# WORK REQUIRED
Skip every picture, then write out exactly the lines of the listing below from the line that contains "Heavy Press Brake Dies" through the final line.

[DATA SUPPLIED Boundary: Start]

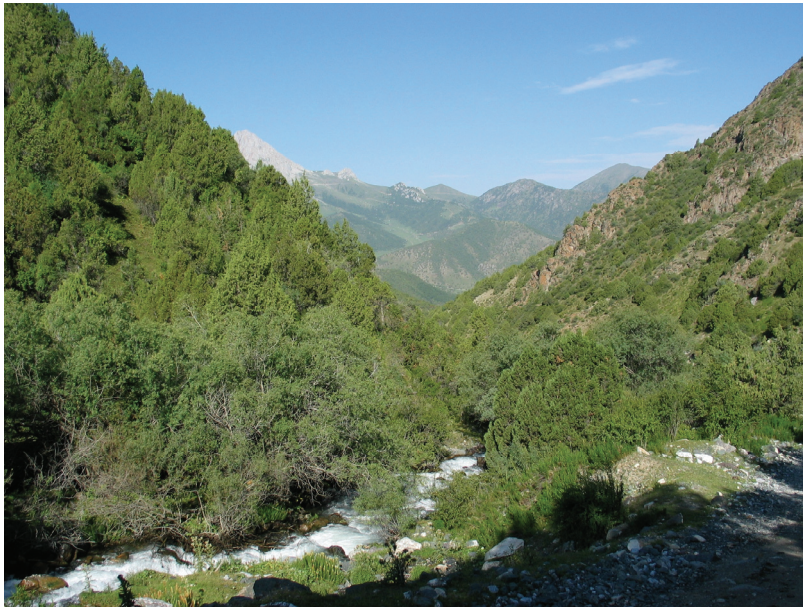
Juniper forest in Kyrgyzstan
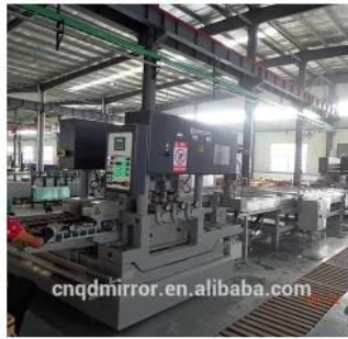
Automatic Glass Edging Line
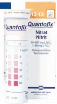
TLC Plates & Rapid Tests
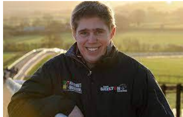
Dan Skelton Racing Autumn 2022
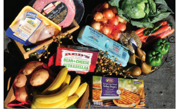
Nutritious and affordable food package from SHARE Food Network.
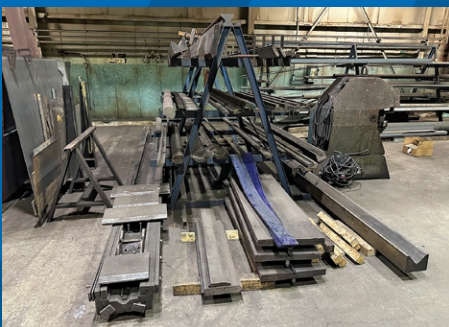
Heavy Press Brake Dies
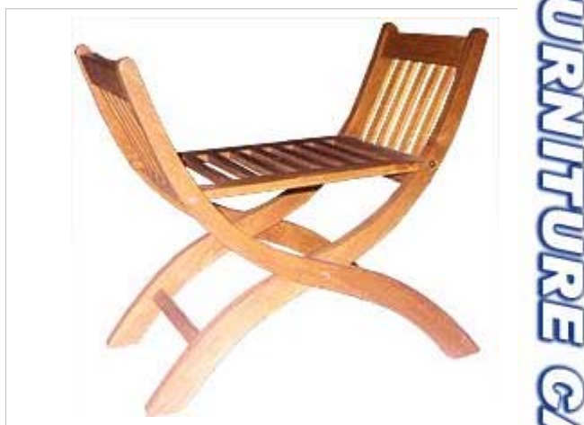
CODE: EB - 425 ROMAN KNOCK DOWN CHAIR SIZE: W 78 X D 38 X H 60 (cm)
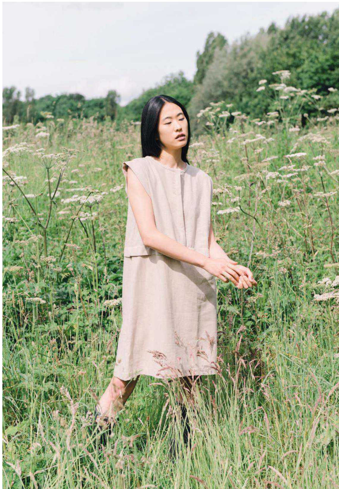
ADELE LINEN DRESS IN NATURAL Also available in Black
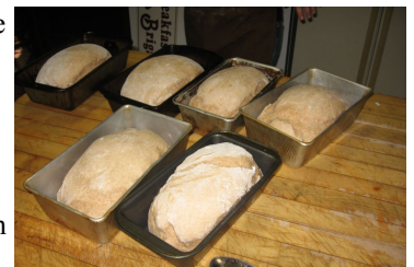
Fresh baked bread which is a staple at Dorothy's Café and Breakfast Brigade. It's delicious!
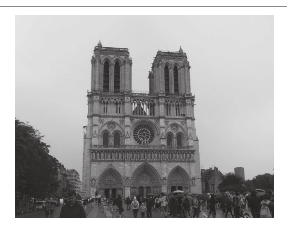
Notre Dame Cathedral, Paris

[DATA SUPPLIED Boundary: End]

# RESULT
Heavy Press Brake Dies
CODE: EB - 425 ROMAN KNOCK DOWN CHAIR SIZE: W 78 X D 38 X H 60 (cm)
ADELE LINEN DRESS IN NATURAL Also available in Black
Fresh baked bread which is a staple at Dorothy's Café and Breakfast Brigade. It's delicious!
Notre Dame Cathedral, Paris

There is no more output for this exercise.